Co z tego, że dzisiaj o 20 był wyjazd z Hogwartu i Miona nie mogła się pożegnać z przyjaciółmi. Punkt 20 zapukała do komnat Mistrza Eliksirów i nawet przez myśl jej nie przeszło, że zobaczy właśnie coś takiego. A zobaczyła wnętrze udekorowane świecami i płatkami róż oraz stół zastawiony dla dwóch osób. Na środku stał on, ale nie wyglądał jak on,ponieważ zamiast swych nauczycielskich szat,( które zawsze nosił) miał ... garnitur z białą !!! koszulą i czarny krawatem z bukietem róż w ręku. Nie mogła powstrzymać już łez. Severus w oka mgnieniu zmienił jej mundurek w piękna szafirową sukienkę.

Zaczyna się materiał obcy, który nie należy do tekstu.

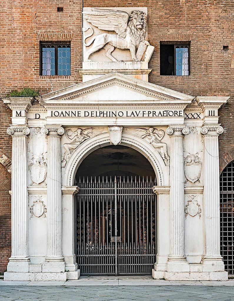 Ещё один крылатый лев украшает фасад Palazzo del Podestà.
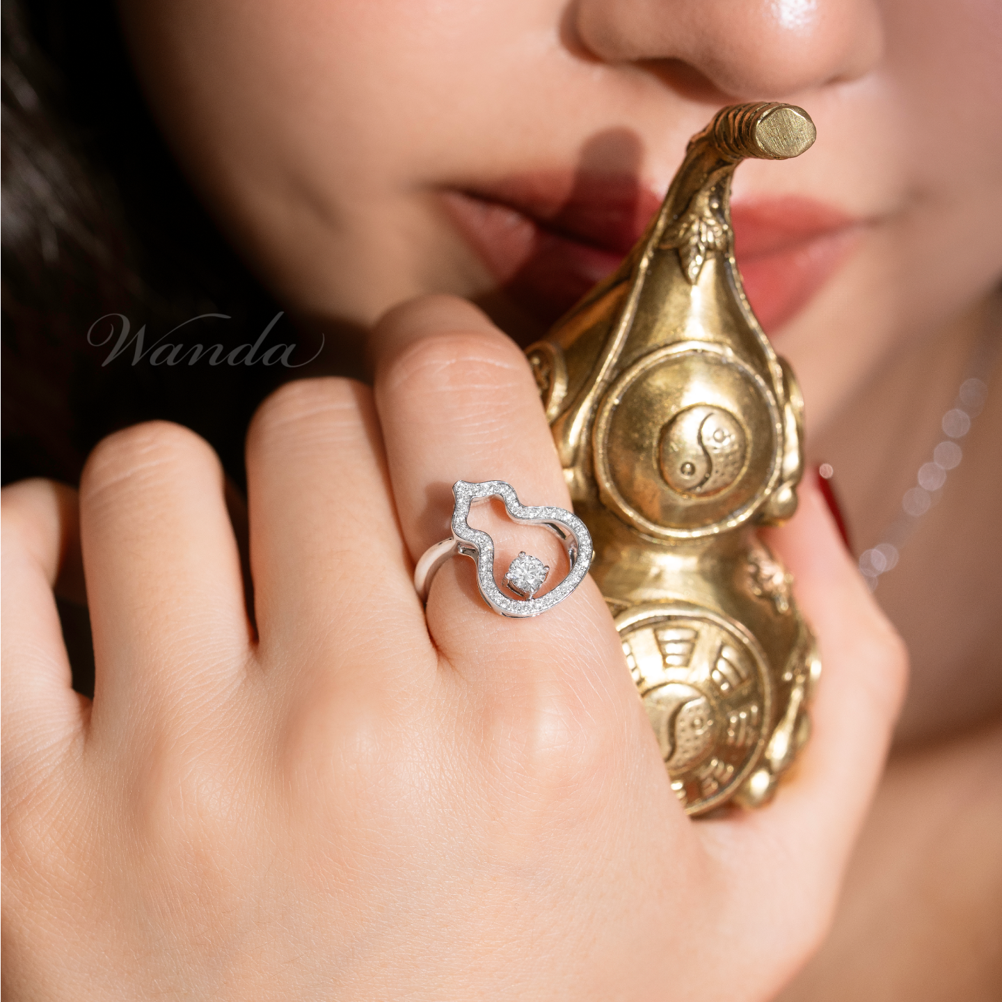 Cincin emas 18K yang memadukan elegansi dan filosofi mendalam. Dihiasi berlian utama berbentuk round cut (0.20 carat) dengan kualitas tertinggi D Color dan VVS Clarity yang memancarkan kilau sempurna. Barisan mikro setting colorless diamond di sekelilingnya menambah efek kilau dari setiap sudut. Desainnya terinspirasi dari simbol Wulou, melambangkan keberuntungan, perlindungan, dan harmoni dalam balutan gaya modern yang anggun.
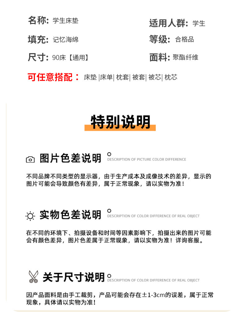 • 3피스 매트리스 커버 세트: 이불 커버 150*200cm, 매트리스 커버 90*200+15cm, 베갯잇 48x74cm/전용
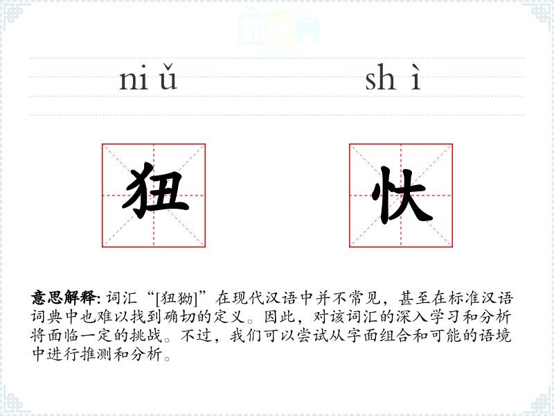 词汇“[狃狕]”在现代汉语中并不常见,甚至在标准汉语词典中也难以找到确切的定义。因此,对该词汇的深入学习和分析将面临一定的挑战。不过,我们可以尝试从字面组合和可能的语境中进行推测和分析。
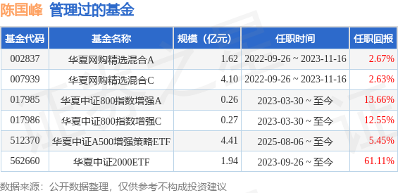 陈国峰先生:硕士,2015年7月至2020年1月,曾任世坤投资咨询有限公司(WorldQuant)中国区研究总监等。2020年加入华夏基金管理有限公司,历任数量投资部研究员、投资经理助理。2022年9月26日至2023年11月16日担任华夏网购精选灵活配置混合型证券投资基金基金经理。2023年9月26日起担任华夏中证2000交易型开放式指数证券投资基金基金经理。
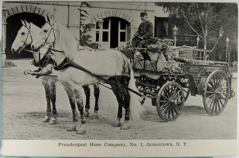 Card # 168573. View Larger | Rotate Horse-Drawn Fire Engine, Jamestown, New York, Printed Photo UB VF
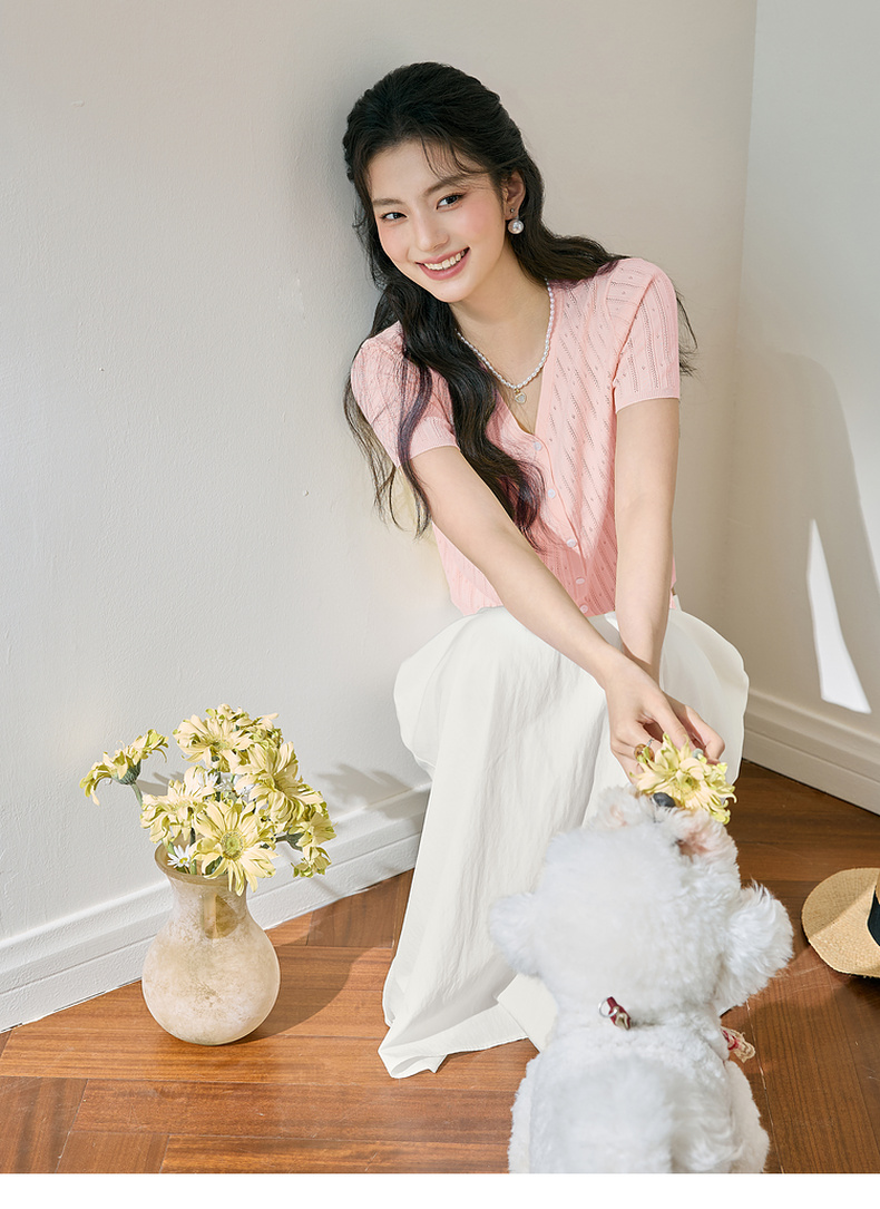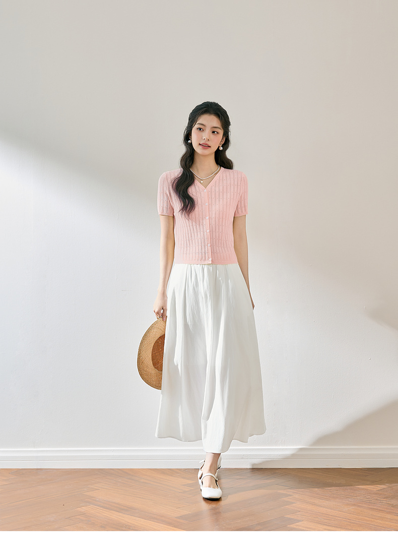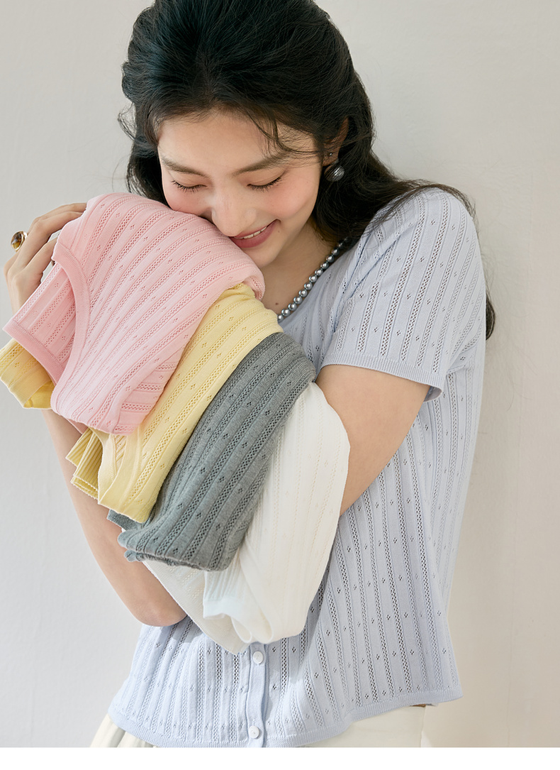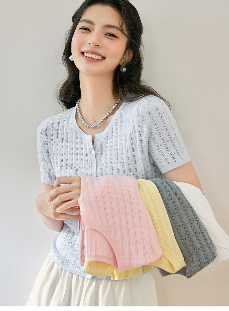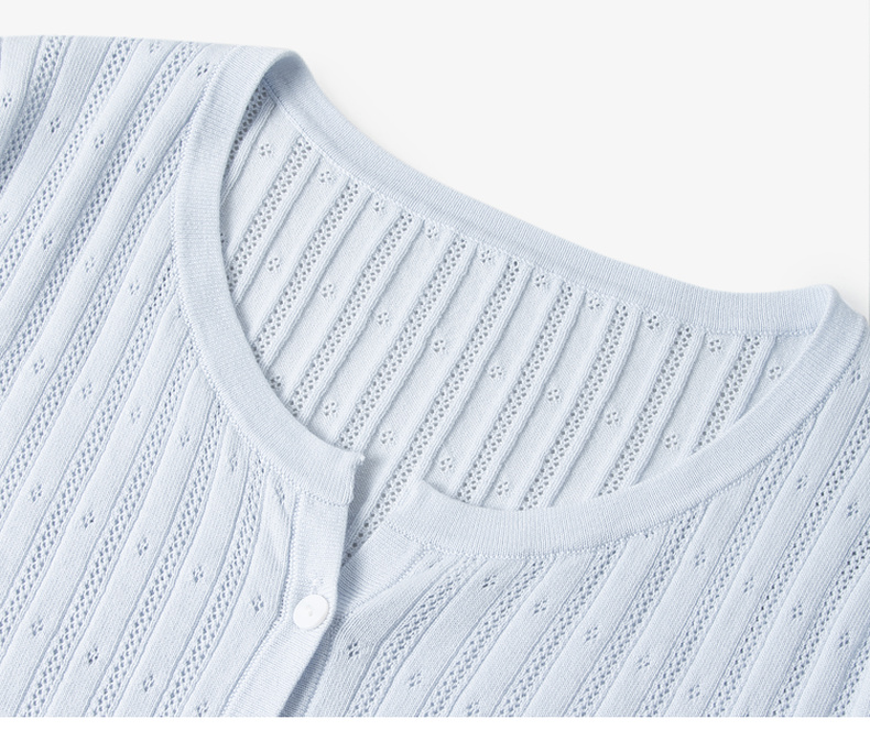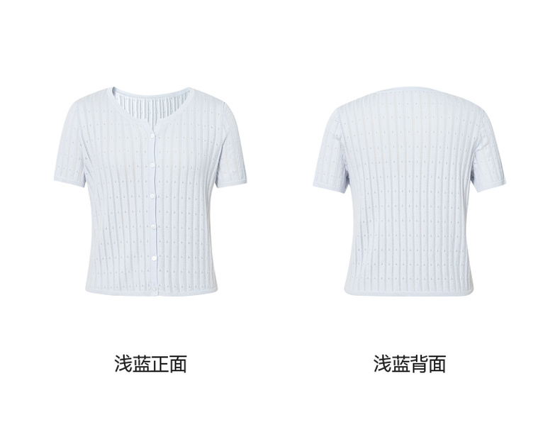 【严选】诗凡黎醋酸天丝镂空针织开衫2025夏新款温柔慵懒风半开领上衣7G4130651

Zaczęli jeść kolacje i zaczęli rozmawiać o zwykłych, codziennych sprawach oraz o sytuacji z dzisiejszej lekcji z której oczywiście się śmiali. Po pewnym czasie Severus poprosił Hermione do tańca, podczas którego jak się później okazało poprosił ją o rękę, choć w bardzo nietypowy sposób, choć dla niego był to bardzo oczywisty przekaz, ponieważ powiedział, że gdy będzie już panią Snape to częściej będą urządzać takie wieczory. Hermina mimo, że jest uważana na najmądrzejszą czarownice od czasów Roveny Ravenclov to przez chwilę i tak musiała pomyśleć co to miało oznaczać lecz gdy Severus uklęknął przed nią z rodowym pierścionkiem wszystkie wątpliwości zniknęły i od razu rzuciła mu się w ramiona krzycząc TAK!!!
Koniec retrospekcji
Nim się Hermiona spostrzegła była już 8:30 wiec za jakąś chwilę dziewczynki będą się budzić. Po całej nocy rozmyślań zdecydowała, że powie córkom prawdę o nich i ich ojcu. Wzięła pudło z pamiątkami i zaniosła do salonu i je rozłożyła. Zaczęła przygotowywać śniadanie, ponieważ szły dzisiaj do magicznej dzielnicy kupić wszystko do szkoły. Po śniadaniu bliźniaczki chciały pobiec na górę i się ubrać lecz Hermiona je zatrzymała, ponieważ muszą porozmawiać. Oczywiście były niezadowolone. Hermiona powiedziała wprost: „ Ja również jestem czarownicą jak wy dwie i dzięki magii poznałam waszego ojca". Dziewczyny aż ze zdziwienia otworzyły usta i mrugały z niedowierzania. Choć odkąd dostały listy dowiedziały się już dużo o magii z książek to tego się nie spodziewały. Opowiedziała im całą jej historię od dostania listu, aż do dnia Bitwy o Hogwart. Ale dziewczynki nie wiedziały jednego. A na koniec historii Hermiona dodała : „ Moje prawdziwe nazwisko brzmi Hermiona Jean Granger".